Extract Text From Images in Python (OCR)
Science & Technology
Introduction
Optical Character Recognition (OCR) is a technology that enables the extraction of text from images. In this article, we'll explore how to use Python along with the Tesseract OCR engine to extract text from images containing text, such as street signs, logos, and more.
Installing Tesseract
To begin, you need to install Tesseract. It's an open-source OCR engine available on GitHub. You can find it at github.com/tesseract-ocr/tesseract.
- Scroll down to the "Installing Tesseract" section.
- Depending on your operating system, follow the instructions to install Tesseract. For Windows, you can download an installer from the link provided for the 64-bit version.
- Once installed, remember to add Tesseract's directory to your system's PATH. You can find the directory by looking at the uninstaller's file location. It should be something like
C:\Program Files\Tesseract-OCR
. - Additionally, create a variable called
TESSDATA_PREFIX
pointing to the Tesseract data directory for language options.
Installing Python Libraries
Once Tesseract is installed, you also need the pytesseract
library for Python.
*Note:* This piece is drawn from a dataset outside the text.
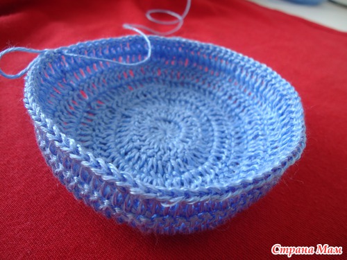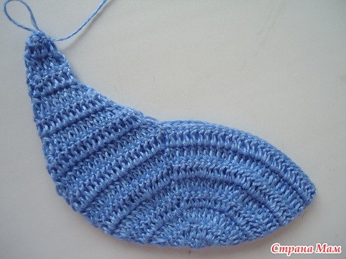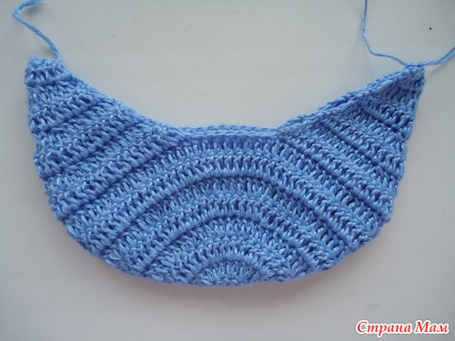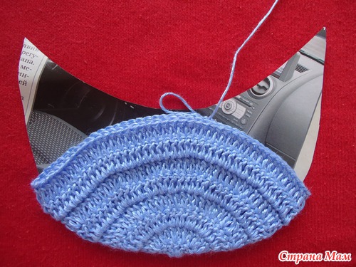 Связала сначала боковинки голубыми нитками, прикладывала к образцу и вязала

You can install it using pip:
pip install pytesseract
You will also need Pillow
and OpenCV
, which can be installed with:
pip install Pillow opencv-python
Using Tesseract Manually
Before diving into Python, it's useful to see how Tesseract operates from the command line:
- Open your terminal and navigate to the folder containing an image file that you'd like to analyze.
- Run Tesseract with the following command:
tesseract image.jpg stdout
This command recognizes text from image.jpg
and displays it in the terminal.
Testing Tesseract
To test Tesseract's capabilities, use various image files:
- For a straight text image, Tesseract performs excellently.
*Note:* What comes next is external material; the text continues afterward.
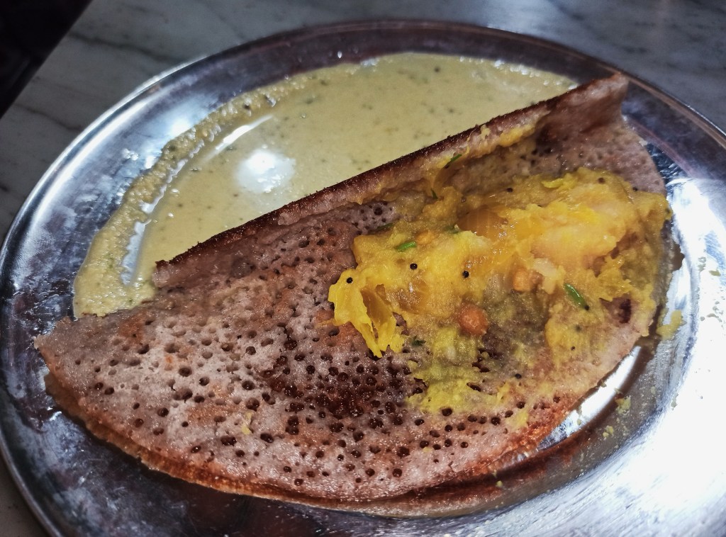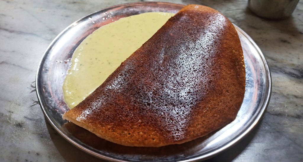 Then came the waiter, a man who has no time for fake pleasantries. You place your order, and you do it quickly, this is no place for QnA sessions about the menu. So out shot the orders: two masala dosa, one kesari bath, and one coffee. The dosa needs to be freshly made, while the big batch of kesari bath, Karnataka’s version of semolina pudding, is already prepped, so it hits the table first. Ignoring all etiquette of savoury before sweet, I tucked in. And man, was it good! Drenched in ghee and scented with cardamom and clove, it had a wonderfully soft consistency and lemon yellow hue. It was laden with toasted cashew and bits of pineapple, which added a fresh bite to offset the richness.
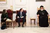 Från vänster: Jessica Svärdström, chargé d'affaires vid svenska ambassaden i Damaskus, Sveriges biståndsminister Benjamin Dousa (M) och den syrisk-ortodoxe patriarken Ignatius Afrem II.

- For complicated images like logos or signs, results may vary.
For better outputs, you can adjust Tesseract’s settings, such as page segmentation modes (PSM) and OCR engine modes (OEM). Here are some settings:
- PSM Mode 6: Assume a single uniform block of text.
- PSM Mode 11: Sparse text, find text in any arrangement.
Implementing OCR in Python
Now, let's jump into Python. Here's how to implement the OCR functionally:
- Import the necessary libraries:
import pytesseract
from PIL import Image
import cv2
- Create a configuration string to specify PSM and OEM settings:
my_config = r'--psm 6 --oem 3'
- Load your images and run OCR:
text = pytesseract.image_to_string(Image.open('text.jpg'), config=my_config)
print(text)
You can also read different image files (e.g., logos and signs) and adjust the my_config
settings to improve recognition.
Visualizing Recognized Characters
To visualize recognized text, you can use OpenCV to draw rectangles around the characters or words. Here's how:
- Read the image with OpenCV:
image = cv2.imread('text.jpg')
- Use Tesseract to create bounding boxes:
boxes = pytesseract.image_to_boxes(image, config=my_config)
- Draw the boxes on the image and display it:
for b in boxes.splitlines():
b = b.split(' ')
cv2.rectangle(image, (int(b[1]), int(b[2])), (int(b[3]), int(b[4])), (0, 255, 0), 2)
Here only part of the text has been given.